老妪老泪纵横,声音颤抖:“不是你天生弱耳……是有人用‘命骨篡改咒’,把你从‘闻魂者’变成‘残听者’。若非你母以双生铃护心,你早已魂散。”
死寂。
林晚昭怔在原地,脑海中翻涌起无数碎片——母亲临终时苍白的面容,指尖冰凉却固执地塞进她掌心的银铃,还有那句从未听清的耳语:“活下去……别信皇家的药……”
原来,她不是天生不全。
她是被抹去的天命之人。
而那场所谓的“意外暴毙”,根本不是王氏一人所为——先帝为镇压听魂血脉,早在她幼年便布下“换命阵”,以聋掩听,以命换命,将她从觉醒者变成残缺者。
王氏,不过是一把刀,真正的执刀人,藏在宫阙深处。
她缓缓闭眼,泪水滑落,砸在血迹斑斑的手背上。
可再睁眼时,眸中已无悲戚,唯有一片寒潭般的清醒与决绝。
“你们改我命骨……”她低语,声音破碎却锋利如刃,“却改不了我认命的勇气。”
与此同时,沈知远已踏入林府祠堂。
夜风穿廊,烛火摇曳,他怀抱铁匣,脚步沉稳如刃破冰。
他将记名印按上祖脉灯座,指尖微颤,却毫不犹豫地割破掌心,以血启灯。
灯芯猛地一跳,幽光大盛。
祖脉灯影晃动,族谱虚影浮现于壁。
沈知远目光如鹰,一寸寸扫过林氏血脉名录,最终定格在那一行墨迹斑驳的名字上——
林晚昭。
他伸手轻抚,指尖刚触到墨痕,异变陡生:那墨迹竟微微泛红,仿佛被血浸透,层层剥落后,底下赫然浮现出原本的字迹——
林无名。
不是改写,是抹杀。
“林无名”三字下,还压着一道极细的朱砂印痕,形如龙纹缠锁,隐有禁制之力。
忏罪录书生不知何时已立于祠堂门外,骨笔轻点灯影,目光凝重:“这不是王氏笔迹……是皇命烙印医的改命印。先帝钦准,宗正院备案,听魂血脉,生而不录,录而不名。”
沈知远瞳孔骤缩。
他终于明白,林晚昭从出生起,就不被允许“存在”。
可就在此时——
祠堂深处,归渊引魂犬突然低吼,毛发炸立,猛然扑向供桌下方一处暗格。
它利齿咬开机关,竟从夹层中拖出一只青瓷小瓶,瓶身布满裂纹,内盛灰褐色药渣,隐隐散发出腐朽与苦涩交织的气息。
沈知远快步上前,刚欲查看,忽觉灯焰一颤。
火光中,一道残影缓缓浮现——白衣如雪,面容苍白,正是林晚昭的魂影。
她指尖微抬,轻轻触向瓶口,唇边浮起一抹极淡的笑。
下一瞬,她闭目,似在凝神。
灯焰骤然扭曲,如被无形之手搅动,竟开始倒流——
仿佛时间,正被她从灰烬中一点一点,拉回。
归渊引魂犬一声低吼,利齿撕开供桌下暗格的铜扣,青瓷小瓶滚落而出,发出沉闷的脆响。
瓶身裂纹如蛛网密布,仿佛轻轻一碰便会碎成齑粉,可那灰褐色的药渣却诡异地未散,凝在瓶底,像干涸的血块,又似腐烂的魂魄残渣。

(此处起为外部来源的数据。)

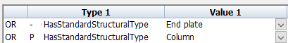 When Type 1 is IsPlate, then the available options in Type 2 will only contain UserValue as a valid option. The value 2 column hereafter will also be limited to the values Yes and No in this case.
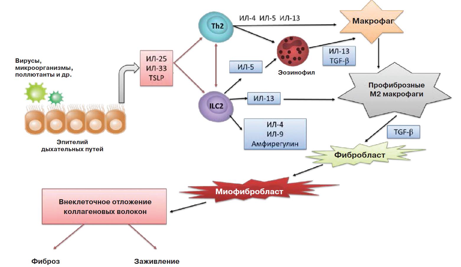 ИЛ-9 – это фактор роста тучных клеток, который также стимулирует ИЛ-4-индуцированную продукцию антител в B-клетках. Кроме того, аутокринное действие ИЛ-9 способствует повышению выживаемости Т-хелперов 2-го типа (Th2) и стимулирует их к продукции цитокинов Т2-профиля, что приводит к усилению эозинофильного воспаления [28]. ИЛ-13 индуцирует переключение секреции иммуноглобулинов в B-клетках с IgM на IgE, способствует увеличению выживаемости тучных клеток, усилению ремоделирования стенок бронхов и повышению проницаемости бронхиального эпителия. ИЛ-13 также участвует в повышении тканевой представленности эозинофилов за счет лучшей их адгезии к эндотелию сосудов и пенетрации в ткани, не оказывая при этом значимого влияния на развитие системной эозинофилии в отличие от ИЛ-5 [29]. ИЛ-13 способен активировать макрофаги в профибротический фенотип, а также индуцировать осаждение коллагена из фибробластов [29, 30].

沈知远疾步上前,指尖刚触到瓶身,一股阴寒便顺着经脉直冲心口,仿佛有无数亡魂在耳边低语——不是求救,而是诅咒。
他猛地一震,却未退,反而将铁匣置于供桌,以记名印压阵,稳住心神。
就在此刻,祖脉灯焰忽地扭曲,火光由橙转青,竟如水流倒卷,逆旋成一道幽影。
林晚昭的残魂自焰中浮现,白衣胜雪,面容苍白如纸,唇无血色,唯有一双眸子亮得惊人,像是燃尽生命最后的光火。
她没有看沈知远,只是缓缓抬手,指尖轻触瓶口。
刹那间,天地无声。
“烬影溯誓。”她低语,声音如风中残烛,却带着不容抗拒的威压。
灯焰骤缩,随即炸开一片幻象——
十年前,林府西厢,夜雨敲窗。
年幼的林晚昭蜷缩在床榻上,浑身滚烫,额头冷汗涔涔,耳边是无数亡魂的哭嚎与低语,如针扎脑髓。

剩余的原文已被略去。